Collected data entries
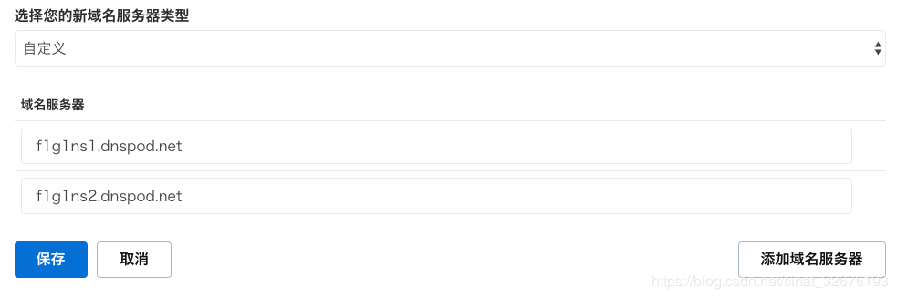 定位到域名服务器添加域名服务器f1g1ns1.dnspod.net,f1g1ns2.dnspod.net保存
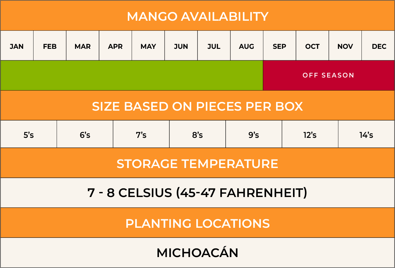 Harvest in the months of February to August in the Pacific coast states of Guerrero, Michoacán, Colima and Nayarit.
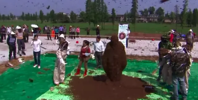 Мужчина был без защитного костюма. На него высыпали несколько тазов с пчелами. В конечном итоге тысячи насекомых покрыли молодого человека с ног до головы в несколько слоев, превратив его в "пчелиную статую".
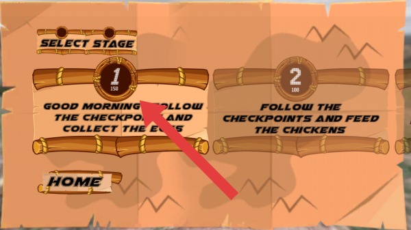 2、这是养鸡场村庄的关卡选择界面,有第1关即跟随检查点收集鸡蛋、第2关即跟随检查点喂鸡,可选择关卡开始养鸡场经营任务。
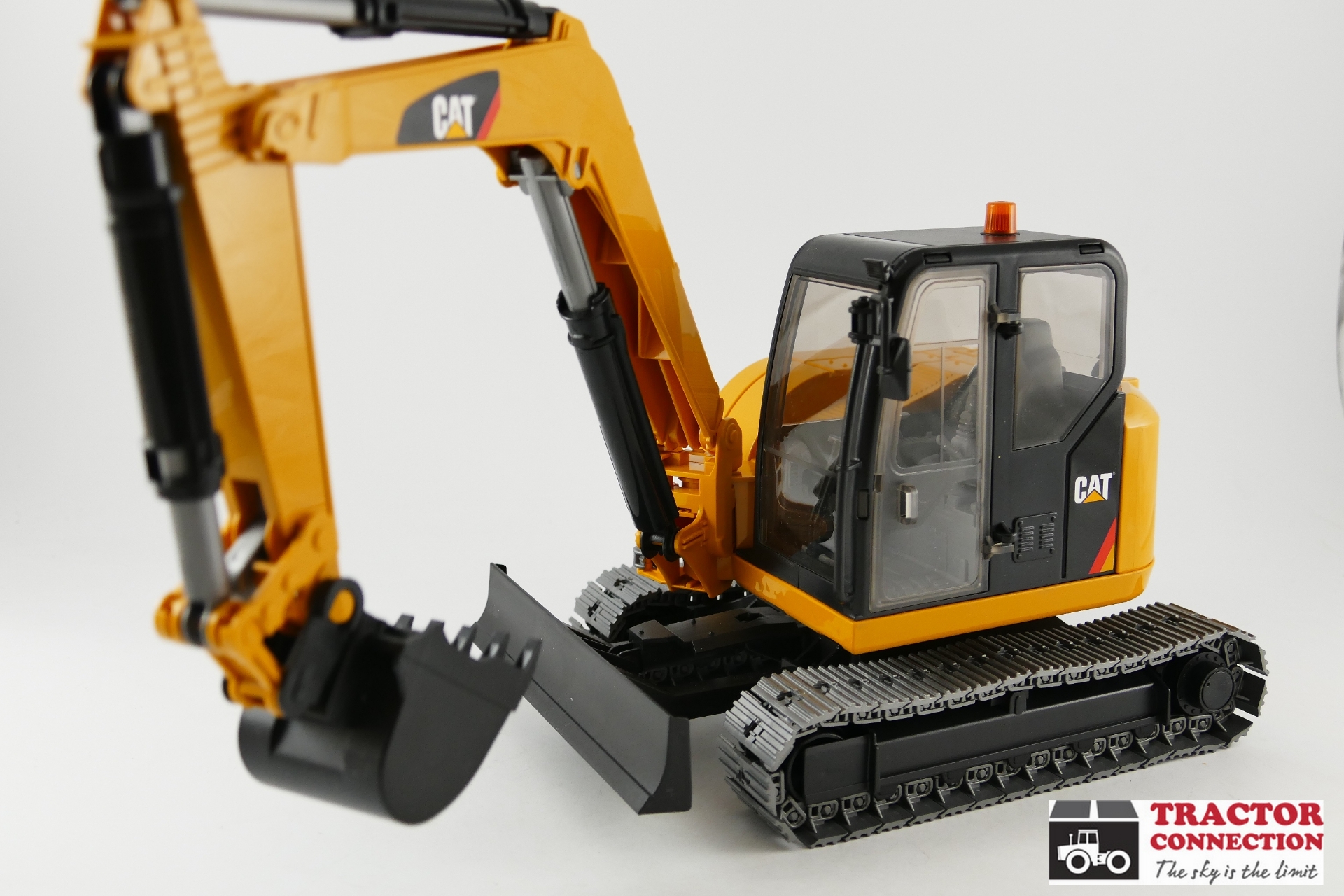 Caterpillar midi kraan op rupsen. De rupsen zijn opgebouwd uit aparte platen net als de echte rupsbanden. De cabine heeft volledig glas en de deur kan open. Ook de motorkap kan open, de kraan arm kan roteren en het dozerblad kan omhoog en omlaag.

> [Instructions to follow]
Give the records a second time exactly, keeping the images out.

> [Solution for this task]
 定位到域名服务器添加域名服务器f1g1ns1.dnspod.net,f1g1ns2.dnspod.net保存
 Harvest in the months of February to August in the Pacific coast states of Guerrero, Michoacán, Colima and Nayarit.
 Мужчина был без защитного костюма. На него высыпали несколько тазов с пчелами. В конечном итоге тысячи насекомых покрыли молодого человека с ног до головы в несколько слоев, превратив его в "пчелиную статую".
 2、这是养鸡场村庄的关卡选择界面,有第1关即跟随检查点收集鸡蛋、第2关即跟随检查点喂鸡,可选择关卡开始养鸡场经营任务。
 Caterpillar midi kraan op rupsen. De rupsen zijn opgebouwd uit aparte platen net als de echte rupsbanden. De cabine heeft volledig glas en de deur kan open. Ook de motorkap kan open, de kraan arm kan roteren en het dozerblad kan omhoog en omlaag.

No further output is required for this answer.